Carr's hypothesis is an excellent example of using the peculiar to reconstruct history. I wish I could believe it. I am not troubled by the empirical difficulties, for these do not render the theory implausible. Can we be confident, for example, that a new island always arose in time to replace an old one—for the absence of an island for even one generation would disrupt the system. And would the new islands always arise sufficiently “on course” to be found? Ascension itself is less than seven million years old.

I am more bothered by a theoretical difficulty. If the entire species
Chelonia mydas
migrated to Ascension or, even better, if a group of related species made the journey, I would have no objection, for behavior can be as ancient and as heritable as form. But
C. mydas
lives and breeds throughout the world. The Ascension turtles represent only one among many breeding populations. Although its ancient ancestors may have lived in the Atlantic puddle 200 million years ago, our record of the genus Chelonia does not extend back beyond fifteen million years, while the species
C. mydas
is probably a good deal younger. (The fossil record, for all its faults, indicates that few vertebrate species survive for as many as ten million years.) In Carr's scheme, the turtles that made the first trips to proto-Ascension were rather distant ancestors of
C. mydas
(in a different genus at least). Several events of speciation separate this Cretaceous ancestor from the modern green turtle. Now consider what must have happened if Carr is right. The ancestral species must have been divided into several breeding populations, only one of which went to proto-Ascension. This species then evolved to another and another through however many evolutionary steps separated it from
C. mydas
. At each step, the Ascension population kept its integrity, changing in lock step with other separate populations from species to species.

But evolution, so far as we know, doesn't work this way.

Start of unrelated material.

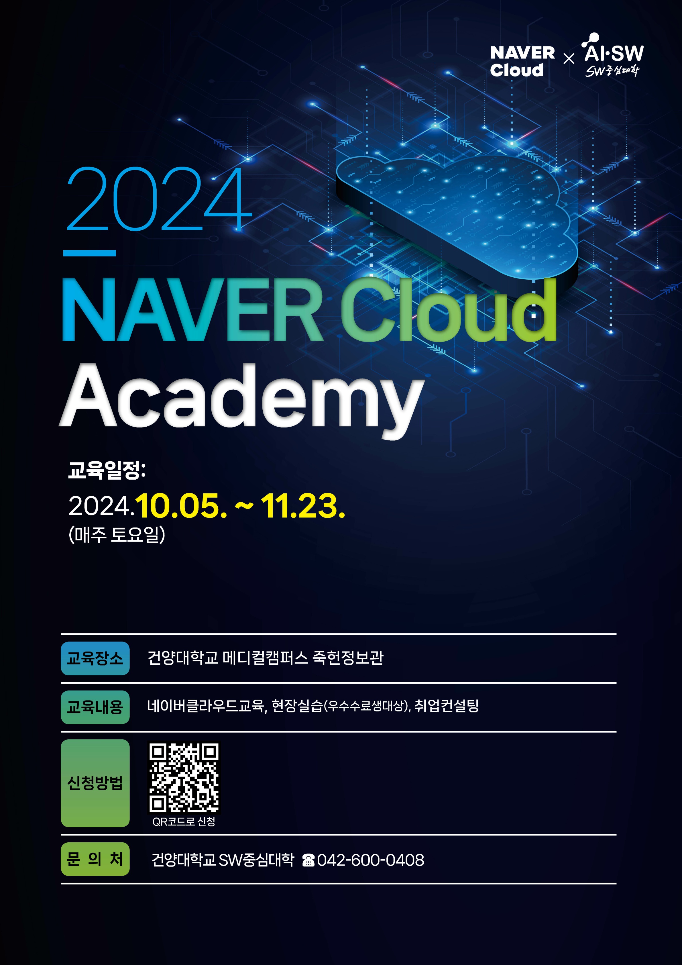 『 네이버클라우드아카데미 교육생 모집 안내 』글의 상세내용을 확인하는 표로 제목, 부서명, 등록일, 조회, 첨부, 내용으로 나뉘어 설명합니다.

New species arise in small, isolated populations and spread out later. Separate subpopulations of a widely dispersed species do not evolve in parallel from one species to the next. If the subpopulations are separate breeding stocks, what is the chance that all would evolve in the same way and still be able to interbreed when they had changed enough to be called a new species? I assume that
C. mydas
, like most species, arose in a small area sometime within the last ten million years, when Africa and South America were not much closer together than they are today.

In 1965, before continental drift became fashionable, Carr proposed a different explanation that makes more sense to me because it derives the Ascension population after
C. mydas
evolved. He argued that ancestors of the Ascension population accidentally drifted on the Equatorial Current from west Africa to Ascension. (Carr points out that another turtle, the west African ridley,
Lepidochelys olivacea
, colonized the South American coast by this route.) The hatchlings then drifted to Brazil in the same east-to-west current. Of course, getting back to Ascension is the problem, but the mechanism of turtle migration is so mysterious that I see no barrier to supposing that turtles can be imprinted to remember the place of their birth without prior genetic information transmitted from previous generations.

I don't think that the validation of continental drift is the only factor that caused Carr to change his mind. He implies that he favors his new theory because it preserves some basic styles of explanation generally preferred by scientists (incorrectly, in my iconoclastic opinion). By Carr's new theory, the peculiar Ascension route evolved gradually, in a sensible and predictable fashion, step by step. In his former view, it is a sudden event, an accidental, unpredictable vagary of history. Evolutionists tend to be more comfortable with nonrandom, gradualistic theories. I think that this is a deep prejudice of Western philosophical traditions, not a reflection of nature's ways (see essays of section 5). I regard Carr's new theory as a daring hypothesis in support of a conventional philosophy. I suspect that it is wrong, but I applaud his ingenuity, his effort, and his method, for he follows the great historical principle of using the peculiar as a sign of change.